In 1939, two of the eight military prisons were in Torgau: Fort Zinna, built up between 1936 and 1939 into the German army's largest and most modern prison, and Brückenkopf. Both of the Torgau prisons housed prisoners convicted by German military courts, called "carriers of anti-military spirit": draft resisters, insubordinate soldiers, deserters, persons accused of "undermining military strength", "preferential treatment of the enemy", or "espionage", and soldiers convicted of criminal offenses. The inmates also included prisoners of war and members of the anti-Nazi resistance in Germany and the occupied European countries, as well as men from Luxembourg, Alsace and Lorraine who had resisted conscription into the German Army.

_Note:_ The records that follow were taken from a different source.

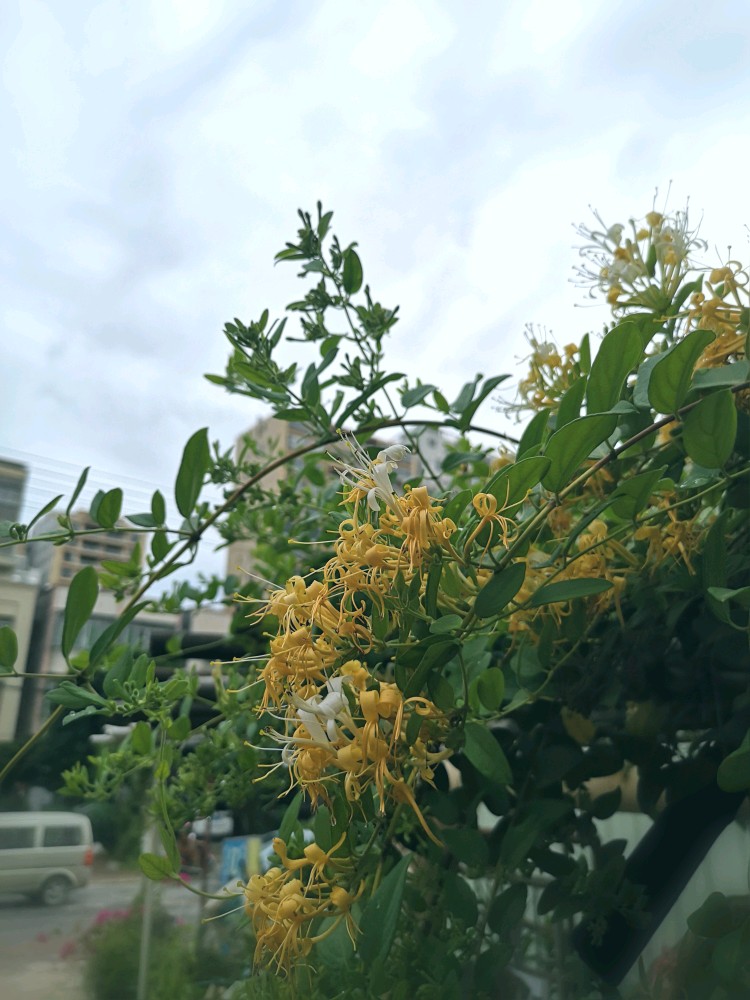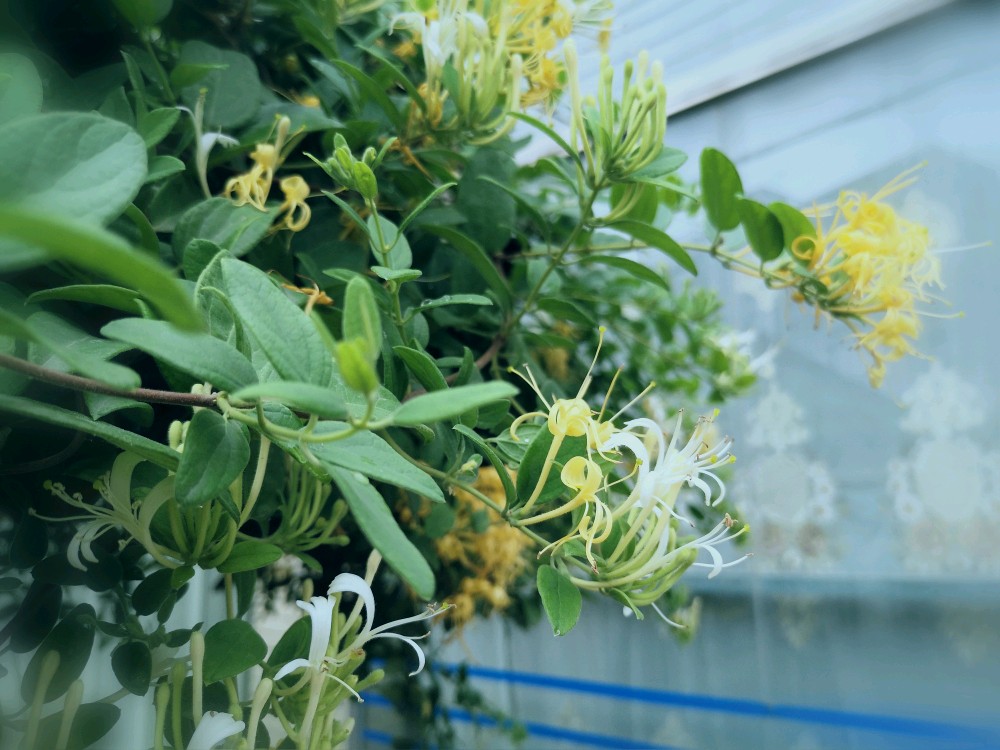 妈妈家的金银花,开得灿烂的,之前就开了两小撮,让我摘下了。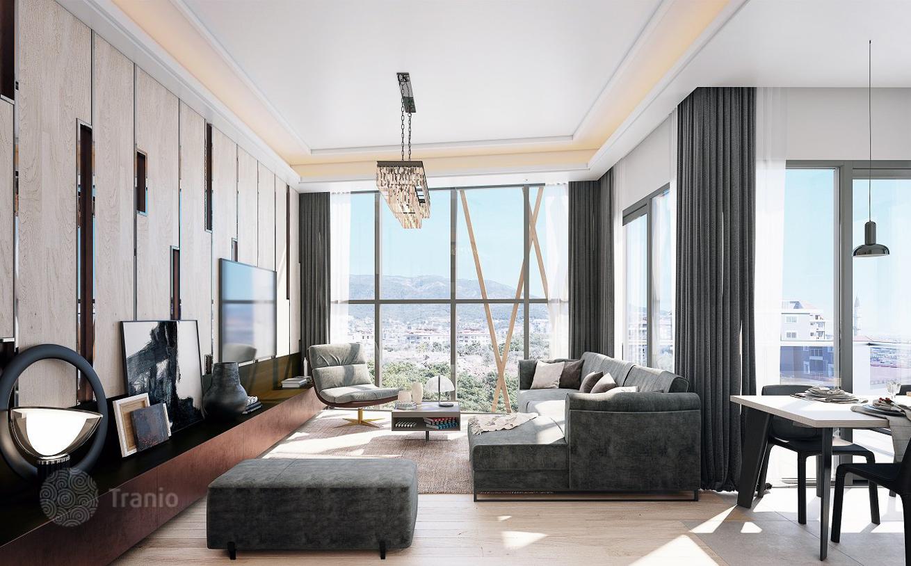 Недвижимость находится в одном километре от пляжа, в 45 км от международного аэропорта Аланья, в пяти километрах от центра города Аланья, недалеко от торговых центров, больницы, школ, ресторанов и кафе.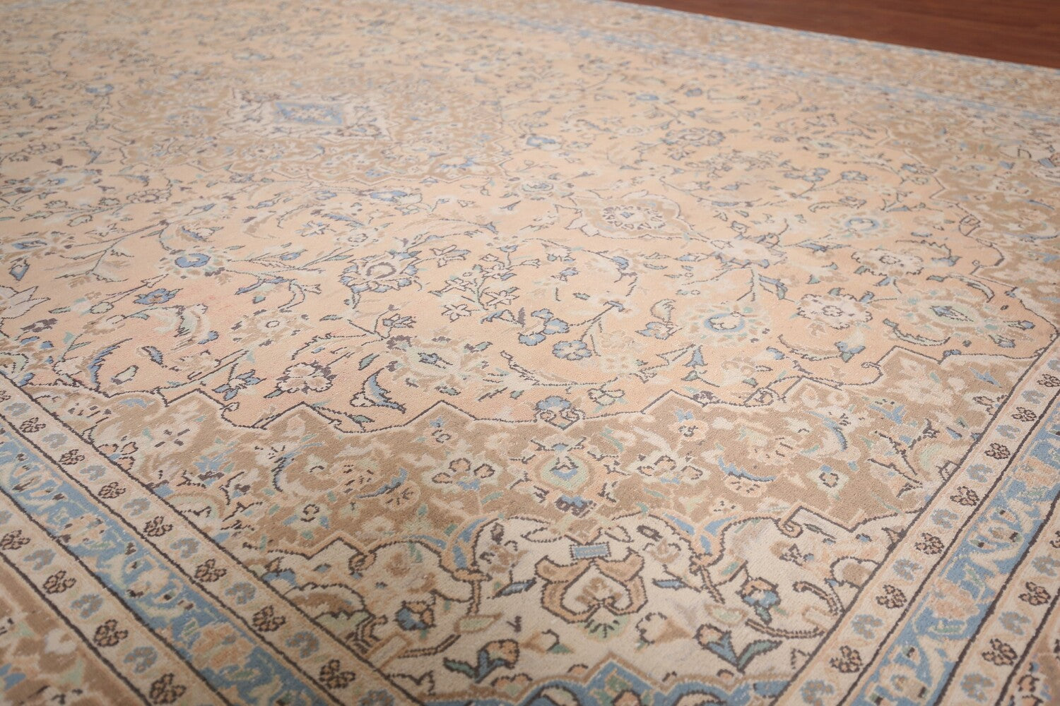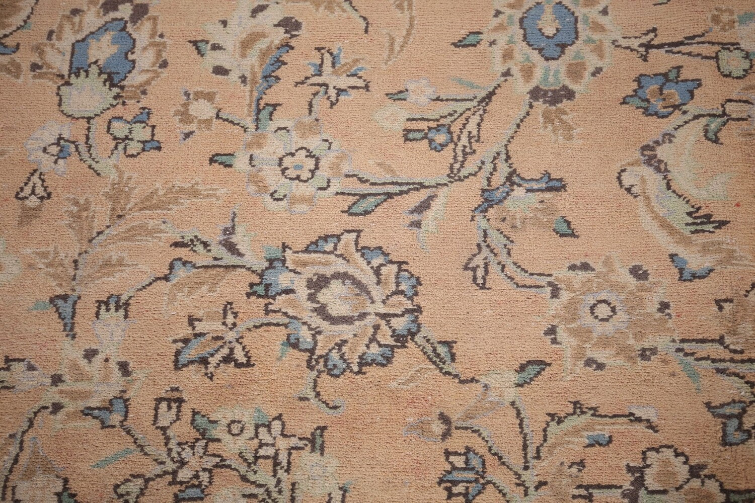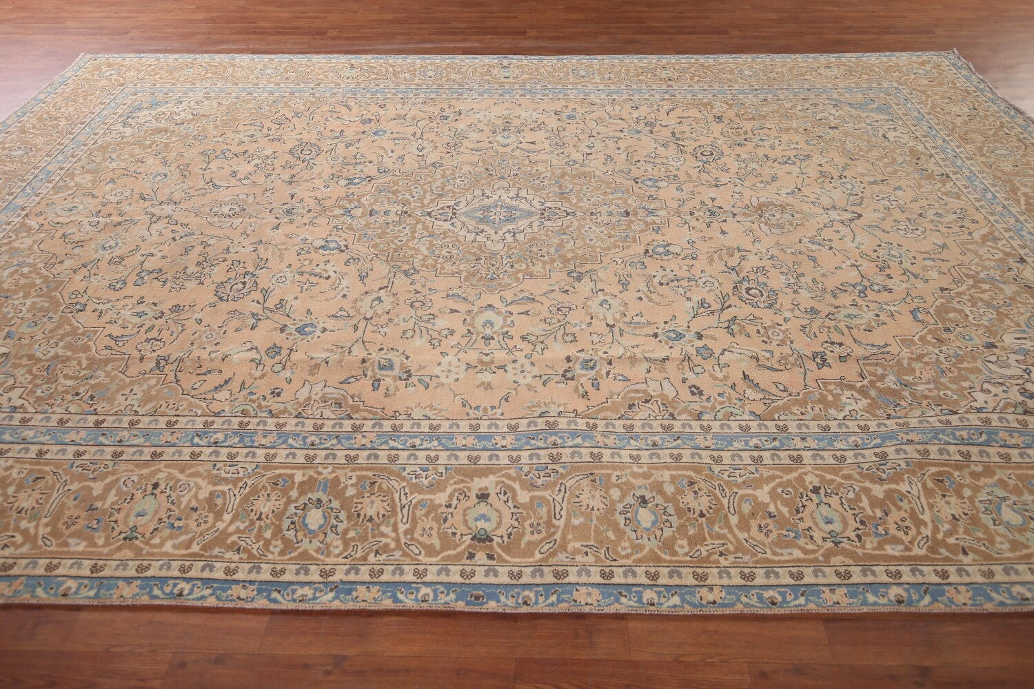 A Beautiful Genuine Persia ( Persia ) Mashad rug is Hand Knotted by skillful weavers in Persia ( Persia ) with 100% Wool Material. This rug is in Very Good (Evenly Low Pile) condition. dimensions are 13' 1'' X 9' 1'' in foot and 399 X 277 in centimeter. the primary color is Peach.

Torgau took on a key role in the German military justice system in March, 1941, when Army High Command (Oberkommando des Heeres, OKH) established the selection office for "probationary service" at Fort Zinna. Torgau's special function as an inspection and transfer station was further reinforced a year later when the High Command of the Armed Forces (Oberkommando der Wehrmacht, OKW) ordered the installation of Field Penal Camps I and II in Torgau.
Furthermore, in August, 1943, the Reichskriegsgericht, Germany's supreme military tribunal, was relocated to the Zieten Barracks in Torgau. Over the duration of the war, the highest court in the German military justice system issued nearly 1400 death sentences, of which some 1200 were carried out in Torgau and elsewhere. The victims included conscientious objectors—most of them Jehovah's Witnesses—members of the "Rote Kapelle" underground, French and Polish resistance fighters, American prisoners of war, and German generals.
The longer Germany's war dragged on, and the more hopeless it became, the more draconian the Nazi military courts became in fighting the flagging morale of the troops and the growing opposition to the war. More than a million German soldiers were convicted, and 20,000 were executed. By comparison, the Western Allies during the same period carried out some 300 death sentences issued by courts martial.
The exact number of executions carried out in Torgau can no longer be determined. The incomplete records of the army, the office of vital statistics and the cemetery administration show that at least 170 condemned soldiers were shot here. Other sources suggest, however, that the actual number of victims was significantly higher. Executions were carried out by firing squad in a gravel pit near the prison and in the moat on the north side of Fort Zinna.
After the war, few of the perpetrators were tried and sentenced. Most of the judges on the Reichskriegsgericht and other responsible military lawyers survived the end of the war unscathed, and continued their careers in the legal profession in West Germany.
After the war, the Soviet secret police agency NKVD established its Special Camps Nos. 8 and 10 in Fort Zinna and in the nearby Seydlitz barracks. Germans and some Soviet citizens were interned here or served sentences passed by the Soviet military tribunals. The East German People's Police used the Fort Zinna prison from 1950 to 1990 as a penitentiary. In the 1950s it primarily housed political prisoners.
The Torgau Documentation and Information Center (DIZ), founded in 1991 and now under the administration of the Saxon Memorial Foundation for the commemoration of the victims of political despotism, researches and presents the history of the Torgau prisons in the permanent exhibition "Traces of Injustice".